Where the line containing "kỳ 2022-2025 |" appears, start repeating, and continue exactly through the last line below, adding nothing. Include no pictures.

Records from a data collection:
=======

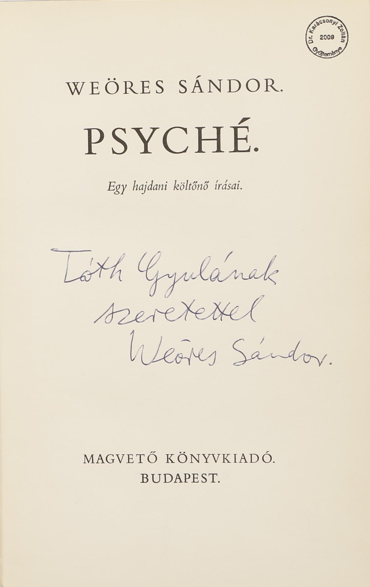 Dedikált: "Tóth Gyulának szeretettel Weörös Sándor"
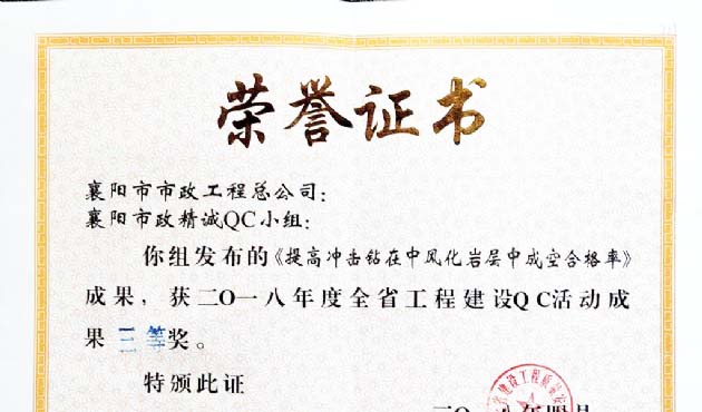 2018年“提高沖擊鉆在中風(fēng)化巖層中成空合格率”全省工程建設(shè)QC活動(dòng)成果三等獎(jiǎng)
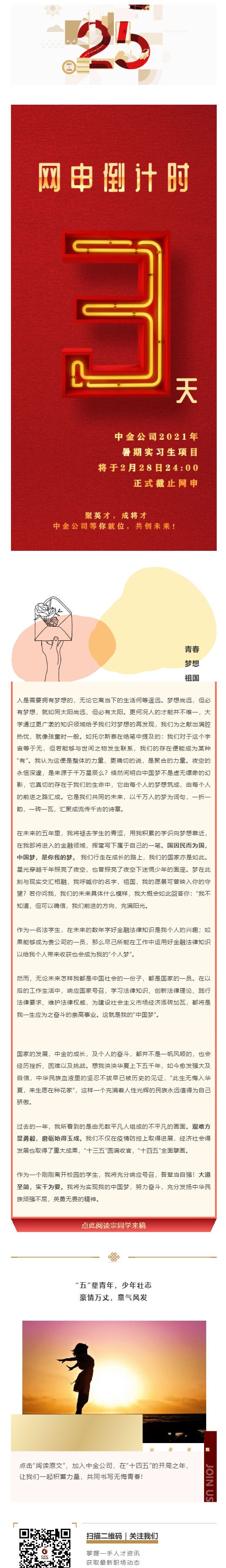 中金公司2021暑期实习生项目网申截止倒计时2天
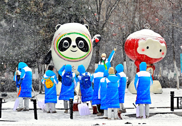 2月13日,伴随着天气的变化,气温骤降,张家口下起了大雪。一大早,在2022张家口媒体接待站的志愿者们闻雪而动,参与到清雪队伍中,有的帮助记者搬运行李,不时还和“冰墩墩、雪容融”打卡问候,场景十分让人感动,充分体现了奉献、友爱、互助、进步的志愿精神。刘通 摄
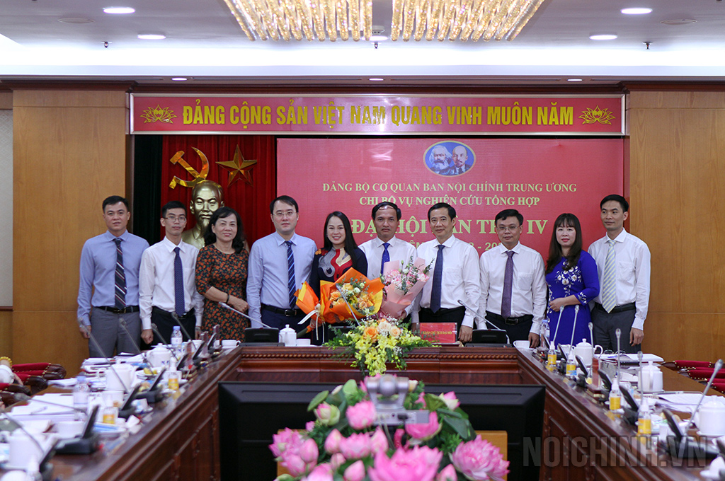 | Đại diện Lãnh đạo Ban, Đảng ủy, Công đoàn, Đoàn Thanh niên cơ quan Ban Nội chính Trung ương tặng hoa chúc mừng Đại hội Chi bộ Vụ Nghiên cứu tổng hợp nhiệm kỳ 2022-2025 |
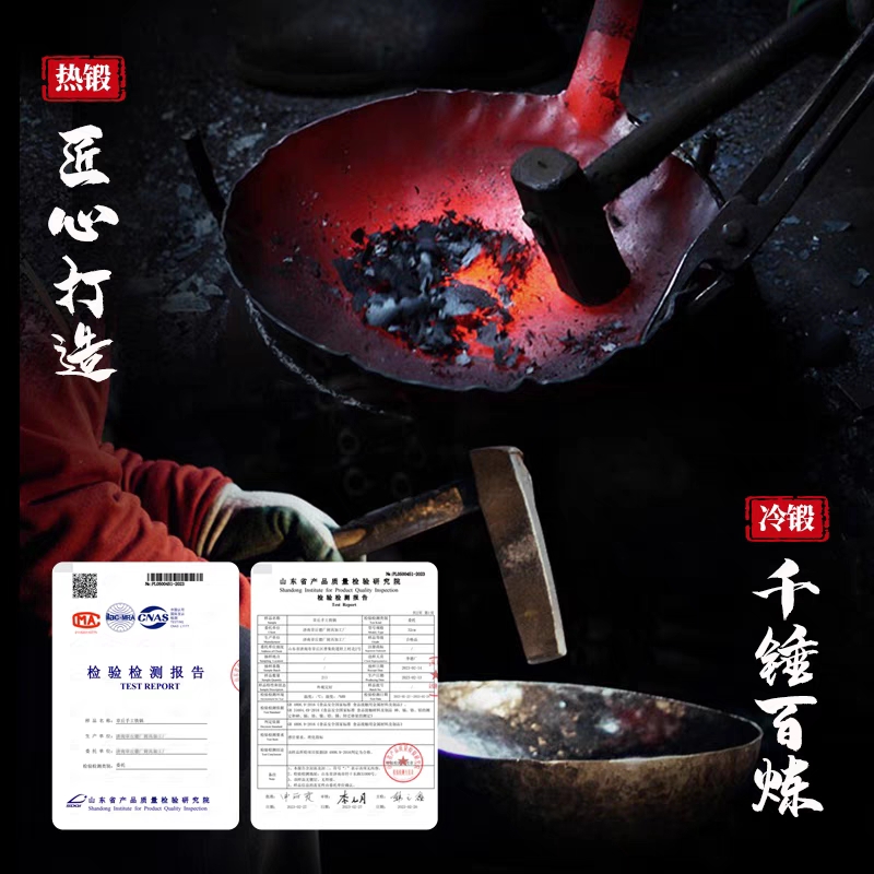 氮化鐵鍋家用炒菜鍋無涂層不粘鍋 章丘傳統錘紋鐵鍋官方旗艦店老式由

=======

_Problem solution_:
 | Đại diện Lãnh đạo Ban, Đảng ủy, Công đoàn, Đoàn Thanh niên cơ quan Ban Nội chính Trung ương tặng hoa chúc mừng Đại hội Chi bộ Vụ Nghiên cứu tổng hợp nhiệm kỳ 2022-2025 |
 氮化鐵鍋家用炒菜鍋無涂層不粘鍋 章丘傳統錘紋鐵鍋官方旗艦店老式由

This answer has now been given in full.